# Notebook 4: Exploring Bivariate Relationships and Working with Weights

In Notebook 3, we learned how to explore our variables, recode categorical variables into dummies, and clean and/or classify our numeric variables.

In today's lab, we're going to focus on

> Exploring relationships between two variables

We will also be introducing the concept of weights.  **USING WEIGHTS THIS SEMESTER IS OPTIONAL.**  But it is helpful to know what they are and how they work if you ever encounter them in a professional setting.

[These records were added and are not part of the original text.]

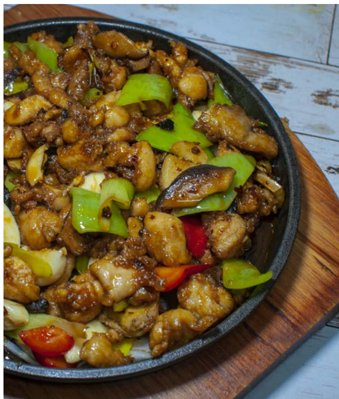
8.3. ПРЯНЫЕ КУСОЧКИ КУРИЦЫ С ОВОЩАМИ 铁板香辣鸡丁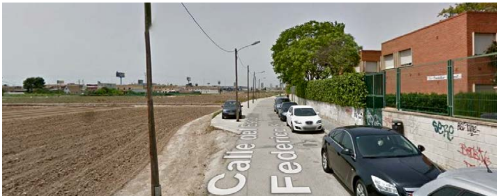
Calle del Escultor Federico. Colegio Municipal Castellar-L'Oliveral

En el continuo urbano aparecen lugares entre paréntesis que se materializan en colas de personas. Son los espacios de espera. Habitualmente se encuentran en vestíbulos, umbrales, accesos, zonas en transición. Por ejemplo, paradas de transporte público, el horno, el quiosco o la entrada/salida de un colegio. Precisamente, este último caso es el lugar donde se propone intervenir efímeramente en esta quinta edición, no sin antes reflexionar sobre el propio contexto, el barrio-pedanía-pueblo de Castellar-L'Oliveral en la periferia de Valencia, en el pre-parque de la Albufera, entre la huerta y la marjal. Aquí, el colegio Municipal tiene un espacio previo 'a medias', una ocasión para reflexionar sobre lo efímero de las esperas y a su vez, desvelar una oportunidad de adecuación de un espacio-mirador ahora ocupado por el vehículo privado.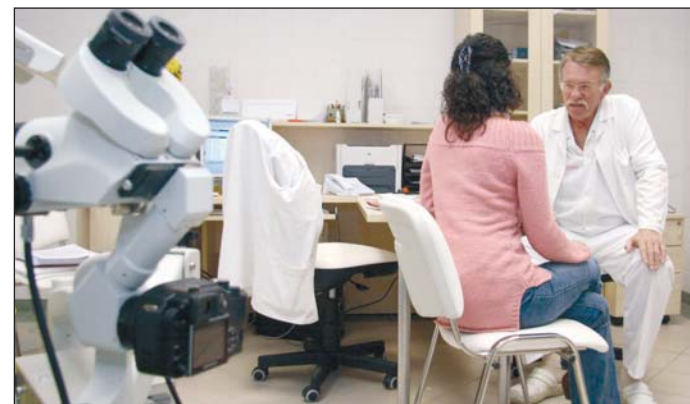
A központban minden rendelkezésre áll.

a lehetőségét, hogy a pár héttel ezelőttihez hasonló vízhiány forduljon elő? Köztudott ugyanis, hogy Miskolc ivóvízellátásának a kétharmadát a tapolcai, úgynevezett Olasz-kút adja, így ennek kizárása a rendszerből komoly problémát jelenthet. A karsztbázisban kiépülő monitoring-rendszer pedig még hamarabb jelzi majd az esetleges fellépő szennyezéseket, így növekszik a biztonság, de továbbra is megmarad a kút leállításának valószínűsége. Ezzel kapcsolatban Korózs András megjegyezte, korábban is voltak különböző elképzelések arra, hogy honnan lehetne ivóvízhez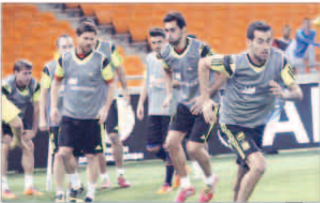
من تدريبات برشلونة

صرح سرجيو بوسكيتس، لاعب وسط فريق برشلونة ومنتخب إسبانيا، بأن حارس المرمى إيكير كاسياس يبذل جهداً أكبر في المران الآن مع المانادور مقارنة بالسابق. وفي مقابلة أجراها مع أحد برامج محطة «أوندا ثيرو» الإذاعية الإسبانية، قال بوسكيتس: «كاسياس يبذل جهداً أكبر الآن في المران، هو نوما يجعل بجد ولكنه كلف جهده حالياً. عاجلاً أم آجلاً سيحقق ما يسعى إليه وسيدخل النهضة على نفوسنا جميعاً».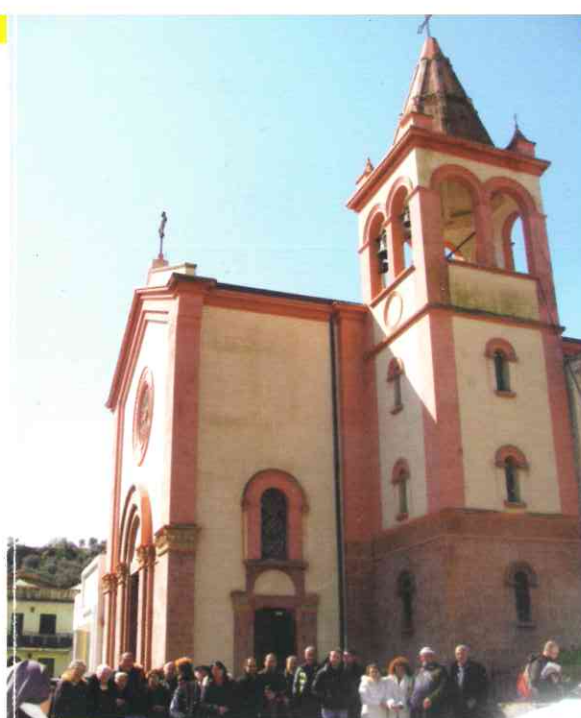
Chiesa Parrocchiale "S. Pasquale Baylon"

SUORE VERONICHE CHORIO DI SAN LORENZO Tel. 0965.720004 e-mail: suoreveronichevolto@yahoo.it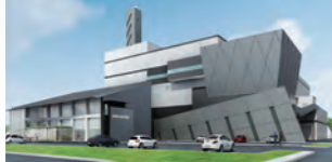
知多南部広域環境組合のごみ処理施設。

## 1.0 Reading in our libraries, our dataset, and renaming our variables

Just the intro material!  Remember, you need to run all the cells in order - libraries, read data, and rename data, otherwise Python will give you an error message!  Note that there is a new datafile that includes the RAKEDW0 variable - this is our weight variable.

In [None]:
# First, We're going to call in our libraries

import numpy as np
import pandas as pd
import math
from scipy import stats
import seaborn as sns
import matplotlib as plt
import matplotlib.pyplot as plt
import scipy 
from datascience import *

pd.options.display.float_format = '{:.2f}'.format

In [None]:
#Show our plots in the Jupyter notebook
%matplotlib inline

In [None]:
#When we start working with nan (missing) values, we can get warnings - we're going to ignore them here
import warnings
warnings.filterwarnings("ignore") 

In [None]:
#Now we're going to read in our data

# Here is my code for reading in the complete CHIS data 2

# col_list = ['AC47', 'AC42', 'SRSEX', 'AC46', 'POVLL', 'AE_VEGI', 'OMBSRR_P1','POVGWD_P1','RAKEDW0']
#chis_df=pd.read_csv("CHIS_2018_Adult_All.csv", usecols=col_list)
#chis_df

#today we're going to work with the extract as we did last week

chis_df = pd.read_csv('chis_extract_2018_weights.csv')
chis_df

In [None]:
chis_df.rename(columns={'AC47':'drank_water', 
                        'AC42':'nhood_fv', 
                        'AE_VEGI':'ate_fv',
                        'SRSEX': 'sex',
                        'AC46': 'drank_sweet',
                        'OMBSRR_P1': 'race_ethnicity',
                        'POVGWD_P1' : 'pov_ratio',
                       'POVLL' : 'pov_cat',
                       'RAKEDW0': 'weight'}, inplace=True)
chis_df

### Codebook

> AC46: Number of times respondent drank sweet fruit drinks in past month

> AC47: Number of times respondent drank water yesterday

> AE_VEGI: Number of times respondent eats vegetables per week

> AC42: Number of times respondent was able to find fresh fruits/vegetables in neighborhood
(1=Never, 2=Sometimes, 3 = Usually, 4 = Always, 5=Doesn't eat f/v, 6: Doesn't shop for f/v, 7 Doesn't shop in neighborhood)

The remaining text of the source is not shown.